• The problem: From the records below, transcribe only the lines running from the one with "Панель управления представлена" through the one with "Para otras medidas". Keep both of those end lines.

• Information shown:
________________________________________

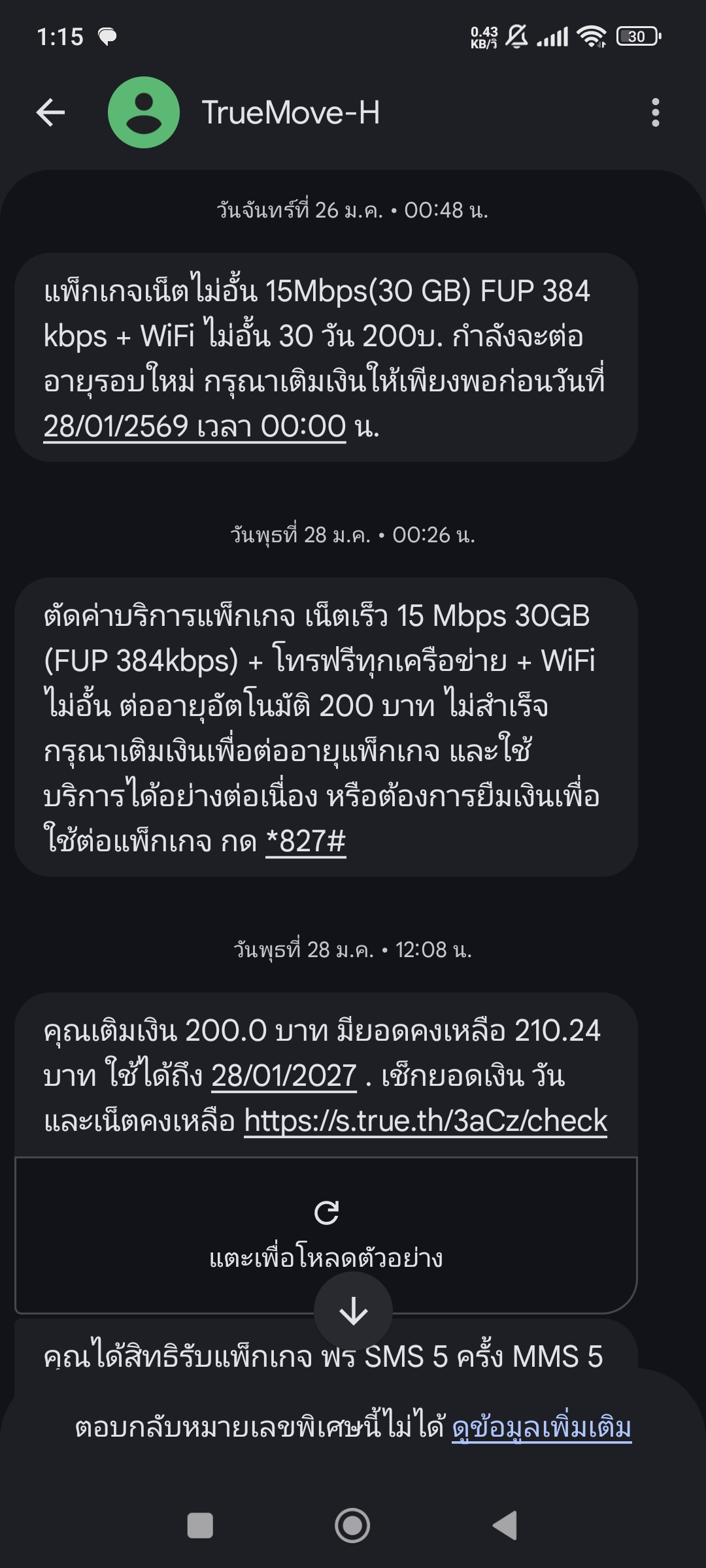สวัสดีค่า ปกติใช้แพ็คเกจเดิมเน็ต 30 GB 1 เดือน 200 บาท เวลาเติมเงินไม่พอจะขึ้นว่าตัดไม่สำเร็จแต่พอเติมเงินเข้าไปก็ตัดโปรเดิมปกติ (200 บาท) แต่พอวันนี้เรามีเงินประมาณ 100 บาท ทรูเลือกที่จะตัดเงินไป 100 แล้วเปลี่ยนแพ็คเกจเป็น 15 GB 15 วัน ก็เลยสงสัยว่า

________________________________________

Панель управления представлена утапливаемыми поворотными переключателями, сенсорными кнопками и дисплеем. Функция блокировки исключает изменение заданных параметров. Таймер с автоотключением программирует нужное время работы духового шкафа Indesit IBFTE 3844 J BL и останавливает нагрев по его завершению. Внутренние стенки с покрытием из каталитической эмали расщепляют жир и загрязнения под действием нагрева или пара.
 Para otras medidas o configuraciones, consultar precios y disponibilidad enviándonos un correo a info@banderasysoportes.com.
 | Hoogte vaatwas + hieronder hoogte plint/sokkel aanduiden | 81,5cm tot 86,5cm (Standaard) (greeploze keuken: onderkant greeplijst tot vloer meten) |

________________________________________

• Task response:
Панель управления представлена утапливаемыми поворотными переключателями, сенсорными кнопками и дисплеем. Функция блокировки исключает изменение заданных параметров. Таймер с автоотключением программирует нужное время работы духового шкафа Indesit IBFTE 3844 J BL и останавливает нагрев по его завершению. Внутренние стенки с покрытием из каталитической эмали расщепляют жир и загрязнения под действием нагрева или пара.
 Para otras medidas o configuraciones, consultar precios y disponibilidad enviándonos un correo a info@banderasysoportes.com.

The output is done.